Но в тот же вечер ротмистр снова прибрел в кабак у Красной площади, снова пил тройной зеленчак, снова пел «Had we never loved so kindly», а поздно вечером забрел с неженатыми полчанами на Воздвиженку к молоденьким девицам самого нестрогого поведения, коих шкоты и англияне называли промеж себя bona-nova, laced mutton roads, stales, jays на языке того века и просто шлюшками по-русски.
Утром кошелек его был пуст. В кармане — вошь на аркане. Он истратил, подумать только, рубля три или даже четыре!
Так всю зиму и прокутил, редко находясь в трезвости, препровождая почти все свободное время в кабаках, ничем теперь как будто не выделяясь среди буйной рейтарской братии, ротмистр Лермонт.
— Молодец Лермонт! — хвалили его полчане. — Кто пьян да умен — два угодья в нем!
Ротмистр, напиваясь, считал долгом довести разгул до его естественного конца:
— На Неглинку! Копья наперевес. Лермонт, вперед!
С начала XVII века вошла в моду пышная женская плоть.

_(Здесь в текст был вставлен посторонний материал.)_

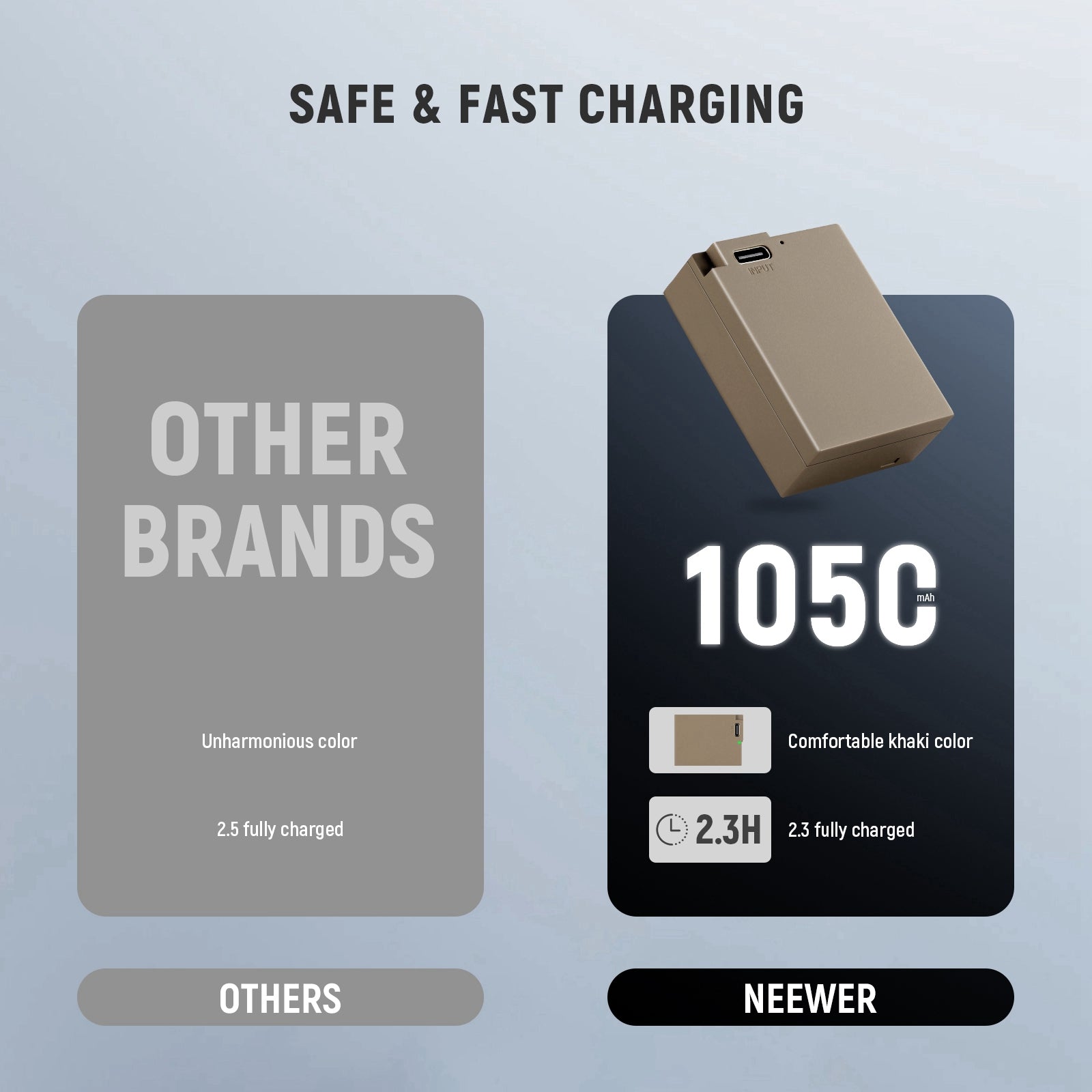 - High Battery Capacity- The battery pack has 1100mAh (7.2V/7.9Wh) capacity and can be fully charged in 2.3 hours with a normal 5V 2A USB power adapter. Note: PD fast charging is NOT supported

Глашатаем и певцом торжествующей плоти и радостной чувственности в пику отцам иезуитам и прочему католическому мурью был великий фламандский живописец Петер Пауль Рубенс. Во святой Москве тридцатых годов вряд ли знали искусство неунывающего антверпенца, которому тогда уже было за пятьдесят, но корпулентные формы, колбасные телеса были тут в особой цене. Не только двор, но и начальные люди всех рангов, купцы и посадский люд понимали толк в вакханалиях, пирах и оргиях. Утехи продажной любви на Неглинке и в других злачных местах столицы были знакомы всем рейтарам и более всех, пожалуй, их бесстрашному предводителю кельнскому рыцарю фон дер Роппу, этому Фальстафу-рейтару, коего частенько увозили с Неглинки домой в бесчувственном состоянии. Ропп постоянно хвастал своими рейтарами, цитируя Ветхий Завет: «Плоть у них ослиная, похоть как у жеребцов». Все это было вполне в духе того почти ветхозаветного времени.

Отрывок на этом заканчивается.